L'elezione del presidente

Valeria Bombino, capogruppo della lista Noi Buccinasco, si è augurata che questa nuova avventura politica sia per lei “un’esperienza di vita formativa” opinione condivisa con Giulia Laucello che ha lanciato l’appello: “Uniti si vince”. Dopo il giuramento del sindaco di difendere la Costituzione, l’assemblea è passata alla nomina del nuovo presidente del Consiglio e dei suoi vice. Martina Villa è stata la prescelta (10 voti a favore e 6 astenuti) a ricoprire il ruolo di presidente, Simone Mercuri e Alberto Schiavone (in quota opposizione) quello dei suoi vice.

Volti nuovi

Martina Villa, con i suoi 25 anni, è uno dei volti nuovi della politica di Buccinasco.  Ha ringraziato prima chi l’ha votata nelle urne l’11 giugno, poi i componenti della maggioranza per “l’atto di fiducia” nei suoi confronti.
Simone Mercuri, al secondo mandato ad appena 26 anni, ha ricordato un’assenza importante in questo nuovo consiglio, quella di Carlo Benedetti (il più idealista di tutti i candidati sindaco), esponente della sinistra di Buccinasco, che aveva scelto di correre da solo e che, purtroppo per la città, è rimasto tagliato fuori dai giochi.

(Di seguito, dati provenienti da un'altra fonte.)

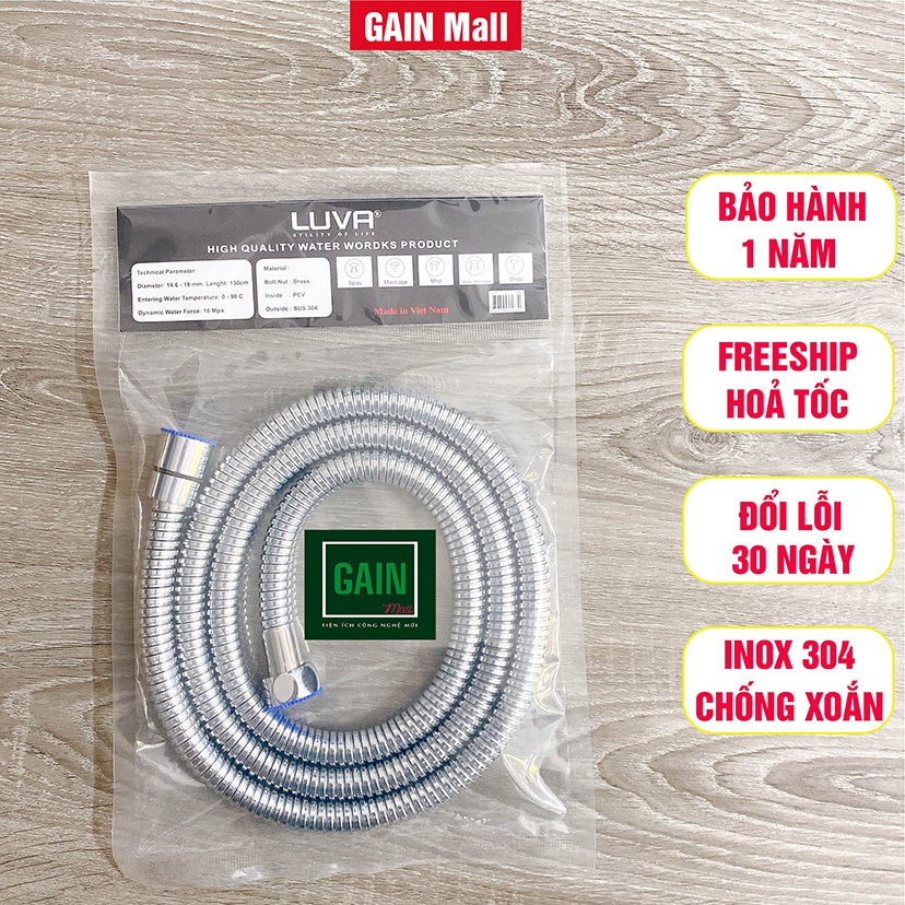 Giới thiệu Dây Sen Tắm Luva, inox 304 Dài 1.5m, BH 1 Năm, Đổi Lỗi 30 Ngày, Lõi Đồng, Chống Xoắn
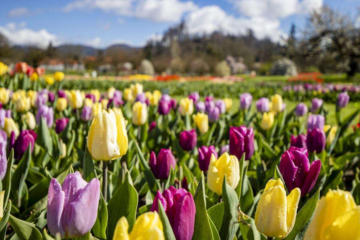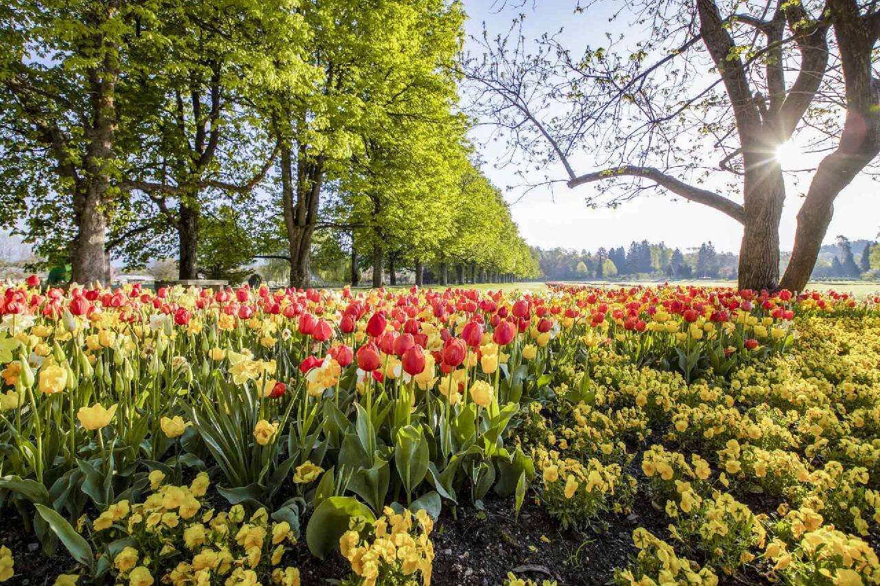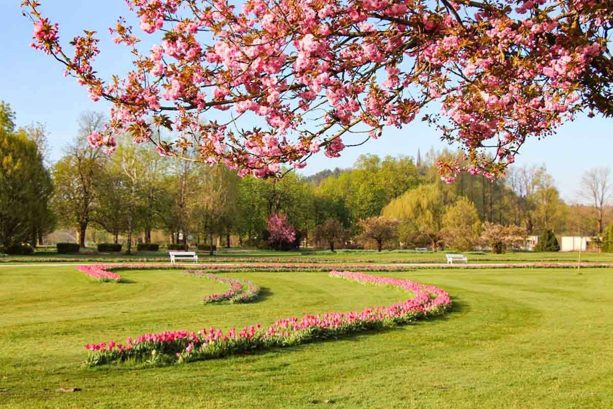 Utunk első állomása a Ljubljanától mindössze 20 km-re található Arborétum, ahol a tavaszi időszakban a híres holland Keukenhofhoz hasonlóan akár 2 millió tulipán is virágzik egyszerre. A bejárat után rögtön balra tekintve azonnal mesés látványban lesz részünk: a nyíló tulipánok mellett kanyargó ösvények, árnyékoló sátrak, üvegházak, és a távolban a gyönyörű havas hegyek, a Karavankák. A 85 hektáros területen a tulipánokon kívül 1000 rózsafajta, a télikertben kaktusz és orchideagyűjtemény majd 5000 fa várja a turistákat. Festői környezetben, patakok és tavak között, hegyekkel körbevéve sétálgathatunk a milliónyi virág között. a kicsiket játszótér is várja, de ajándékbolt, kávézó, kisvonat is hozzájárul a szórakozáshoz. Kissé távolabb szobrok, szépen nyírt gyep, formára vágott bokrok sora, és a távolban egy kis kastély… Aztán egyszer csak bálnák, majd a mozgó-morgó dinoszauruszok, különféle mesejelentek – pl. a Piroska és a farkas következik. Tovább haladva egy berendezett régi paraszt-házzal találkozhatunk, korabeli fa és vas szerszámokkal, körülötte fűszernövényes- és konyha-kertekkel.
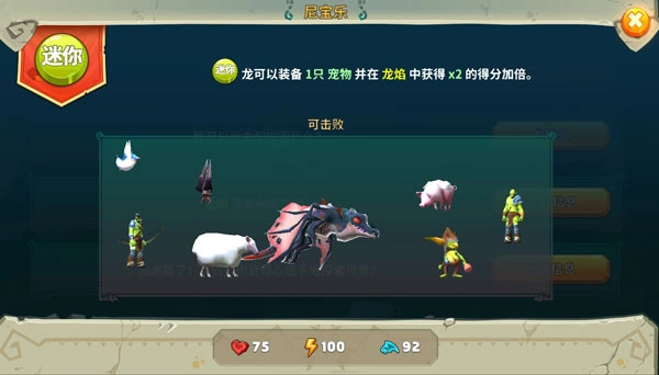 迷你龙能够携带1只宠物,并且在龙焰状态下得分会翻倍(×2)。
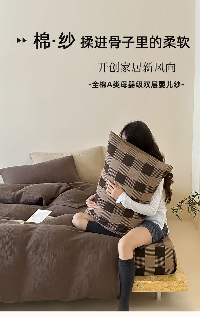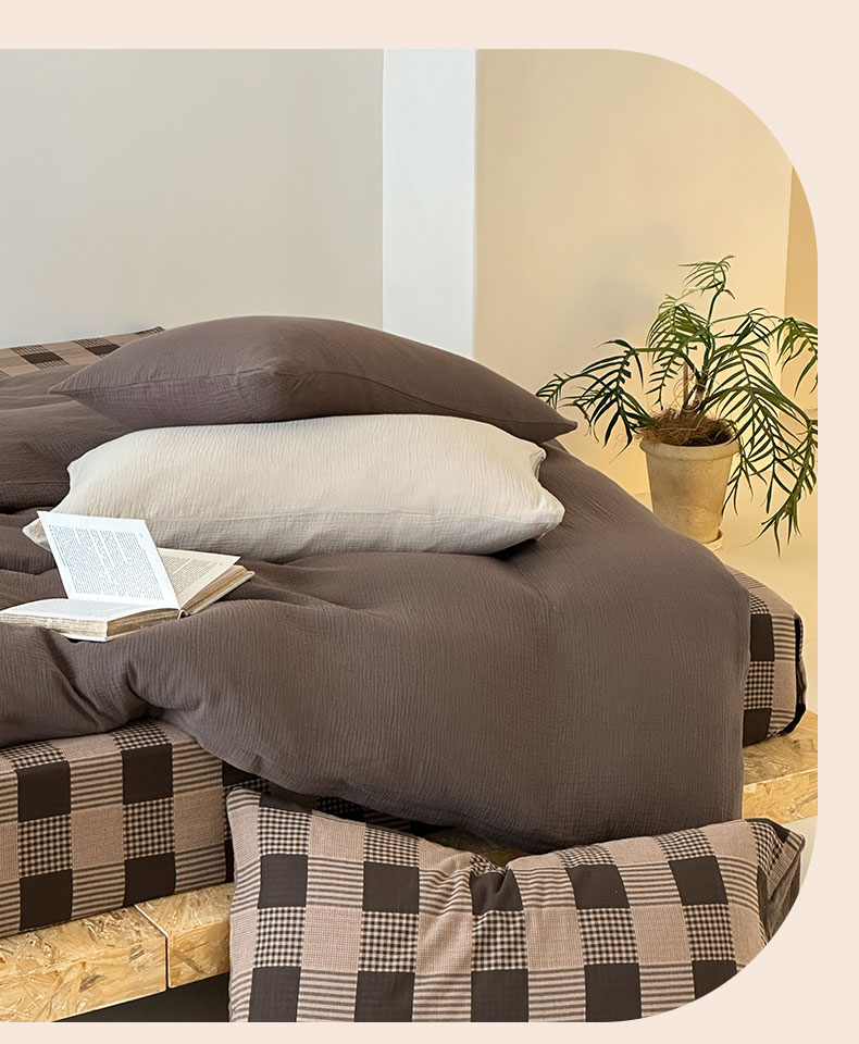 山舍家居 2026新款全棉色织双层皱皱纱色织格子皱纱纯色混搭系列四件套 织界
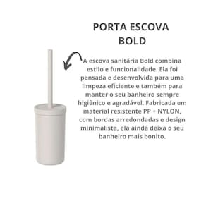 A escova sanitária Bold combina estilo e funcionalidade. Ela foi pensada e desenvolvida para uma limpeza eficiente e também para manter o seu banheiro sempre higiênico e agradável. Fabricada em material resistente PP + NYLON, com bordas arredondadas e design minimalista, ela ainda deixa o seu banheiro mais bonito. Características do Produto:
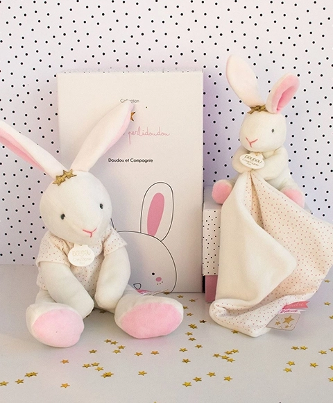Deze DOUDOU cadeauset bevat een wit pluchen konijntje met een gestipt knuffeldoekje in een compacte maat van 10 cm, gemakkelijk hanteerbaar voor baby’s vanaf de eerste levensweken. De zachte stof en subtiele kleuren zorgen voor rust en stimuleren de zintuiglijke waarneming van de baby.
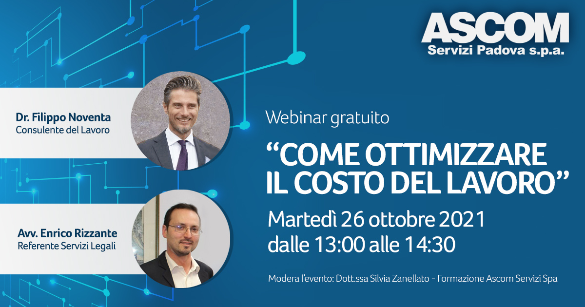L’Ascom Servizi Padova, in collaborazione con la Camera di Commercio di Padova nell’ambito del progetto MENTORE, organizza il webinar gratuito “COME OTTIMIZZARE IL COSTO DEL LAVORO”, martedì 26 ottobre dalle 13.00 alle 14.30.
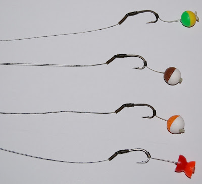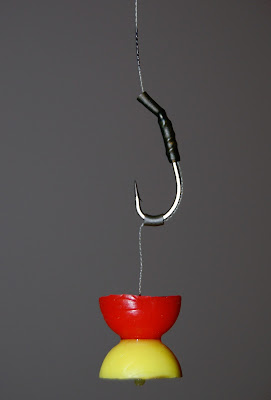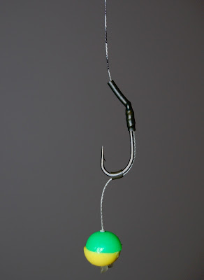 Något annat som blåsar karpen på konfekten är detta. Allt du gör är att du monterar en sjunkande 10 mm fakeboilie och den ska sitta över hairknuten och sen monterar du en 6 eller 8 mm flytande fakeboilie av typen Nite Glow.
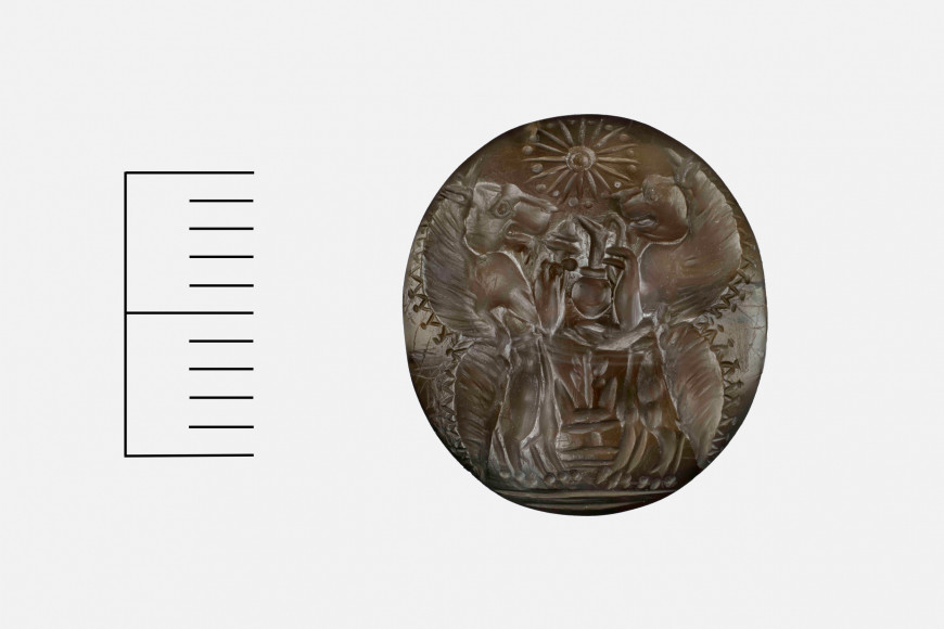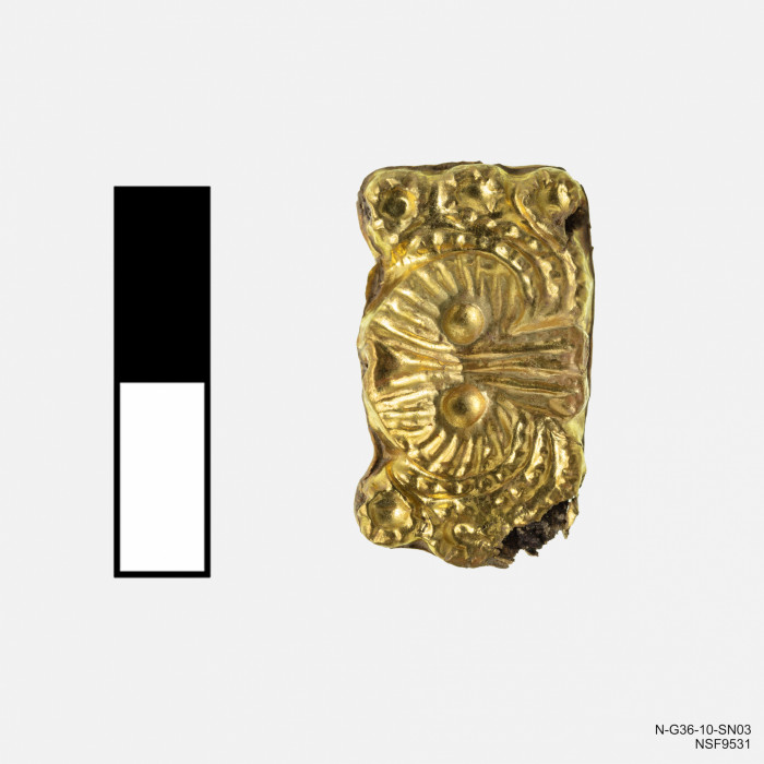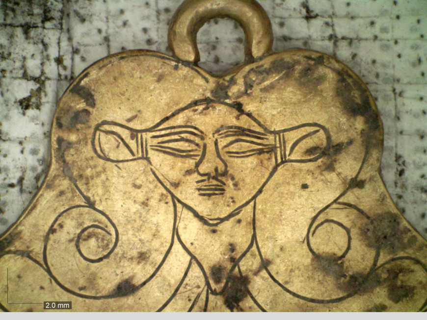 Ανακαλύφθηκε επίσης ένα χρυσό μενταγιόν που απεικονίζει την κεφαλή της Αιγύπτιας θεάς ‘Αθωρ. «Αυτή η ανακάλυψη παρουσιάζει ιδιαίτερο ενδιαφέρον, λαμβάνοντας υπόψη τον ρόλο που είχε στην Αίγυπτο ως προστάτιδα των νεκρών». Επισήμανε ο Τζακ Ντέηβις προσθετοντας: «εξαιρετικά παρόμοιο με τους θαλαμωτούς τάφους που απεκάλυψε μεταγενέστερα στις Μυκήνες η ανασκαφική δραστηριότητα του Χρήστου Τσούντα τον 19ο αιώνα, ιδίως ως προς το ύφος των κοσμημάτων και άλλων διάκοσμων, ενώ βρέθηκαν και στοιχεία, τα οποία απουσίαζαν στην Πύλο, και μαρτυρούν δεσμούς με την εγγύς Ανατολή και την Αίγυπτο».
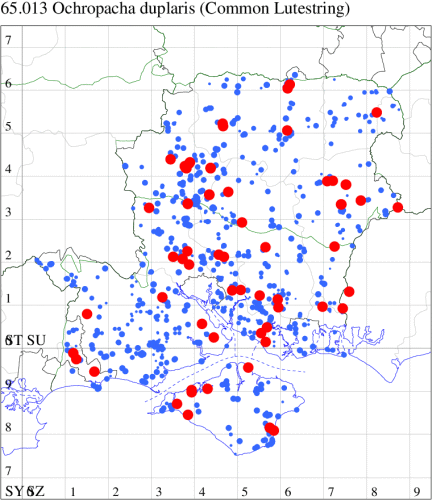 Local in broad-leaved, especially birch, woodland and heathland throughout England and Wales. In Hampshire the population is centred in the extreme south-eastern corner of vice-county 12 (north Hampshire), with scattered records in south Hampshire and on the Isle of Wight. Wingspan 35-38 mm. The main confusion species is Common Lutestring Ochropacha duplaris, which differs, for example, in the small apical dash, which originates at the apex in Common Lutestring, and some way down the costa in Satin Lutestring. Larva feeds on Silver and Downy Birch, over-wintering as a pupa.
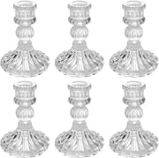 Tyasdery Glass Candle Holder, Clear Taper Candle Candlestick Holder for Wedding Party Table, Spring Decor, Anniversary, Festival Decoration, Dining Room Table, Valentine's Day, Set of 6
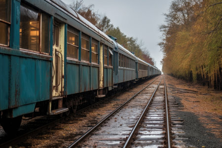An old passenger train emerges from a curve on a rustic railway, its path illuminated by the warm, golden light of a setting sun. The journey through the quiet autumn forest evokes a sense of nostalgia and peaceful adventure, a timeless passage through a beautiful, natural landscape.
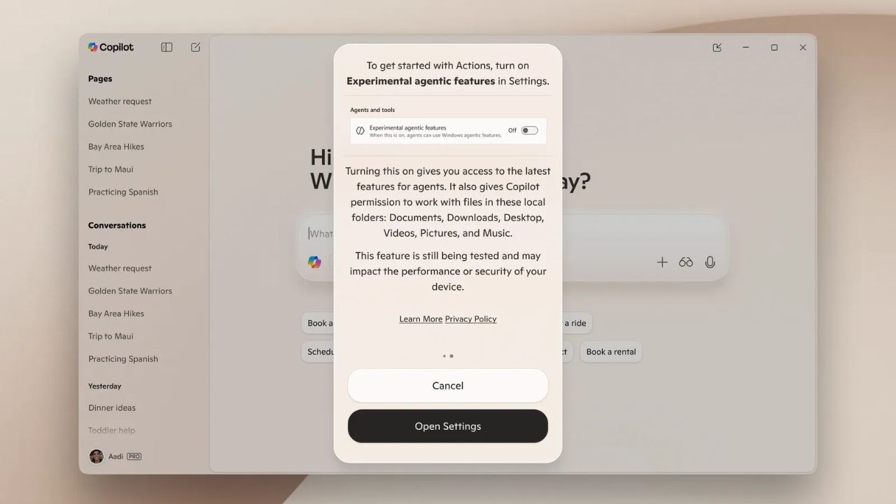 Kolejną ważną częścią Agentic OS jest Copilot Vision. Ta funkcja pozwala Copilotowi zobaczyć, co jest na Twoim ekranie i pomóc Ci w czasie rzeczywistym.
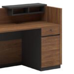 Click Here to download the Product Assembly Instructions.Reception desk Oscar modeliny walnut-charcoal 180x65x76cmAre you looking for a reception desk that radiates prestige, power and superiority? If so, then the Oscar series is what you need to complete your business image.Reception desk with built-in cupboard and drawer, ideal for two workplaces, in the impressive walnut-anthracite colour. Made of high quality materials and according to today’s ergonomic requirements.Technical Specifications: Main office: Surface made of high quality chipboard with melamine coating. Includes: Built-in drawer and cabinet Combines harmoniously with the rest of the series: Desks, bookcases, conference tables and cupboards.Product Dimensions: Length: 180 cm. Width: 65 cm. Height: 76 cm.Material Information: Chipboard: Chipboard is a composite wood material made from small wood chips, usually pine or fir, glued together under high pressure and temperature using resins. It is widely used in furniture construction, interior surfaces, and structural applications. Made from recycled materials, it is resistant to warping, abrasion, and other physical stresses. Melamine (LPB): LPB (Low Pressure Melamine) is a synthetic material widely used for surface treatment of particle board in furniture and surface construction due to its durability and ease of maintenance. It is applied to substrates such as MDF (Medium-density fiberboard) or OSB plywood to produce durable surfaces.Maintenance Instructions: Chipboard: Clean with a soft cloth slightly dampened with water and mild detergent. Avoid excessive use of water and keep the surface dry after cleaning. Melamine (LPB): To remove stains from the surface, use a soft cloth with lukewarm water and mild soap. Gently wipe the surface until the stain is removed. Melamine is sensitive to moisture, so it is important to protect it from water.Remarks: The product is delivered unassembled in its factory packaging with a detailed assembly guide. The color shade of the product may slightly differ from its photographic representation on your screen.
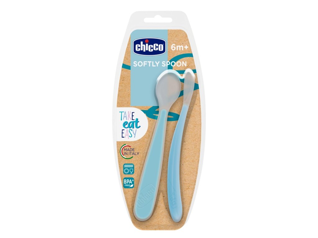CHICCO Lyžička silikónová 2 ks modrá 6m+

"Non essere lasciati soli"

La serata è proseguita con la presentazione della giunta. Dei cinque assessori, quelli meno emozionati sono apparsi Arboit e Guastamacchia (l’esperienza serve anche a questo), gli altri, chi più chi meno, sono intervenuti con la voce che ogni tanto tremava. Ogni intervento è stato salutato dalle ovazioni del fan sugli “spalti”.  Molti di questi ultimi dovrebbero fare proprio l’appello di Rosa Palone: “Abbiamo bisogno di non essere lasciati soli” e ricordarlo nei prossimi mesi quando, come succede ed è già successo anche a Buccinasco, le sedute del Consiglio si terranno nel deserto, nell’indifferenza assoluta di fan e militanti.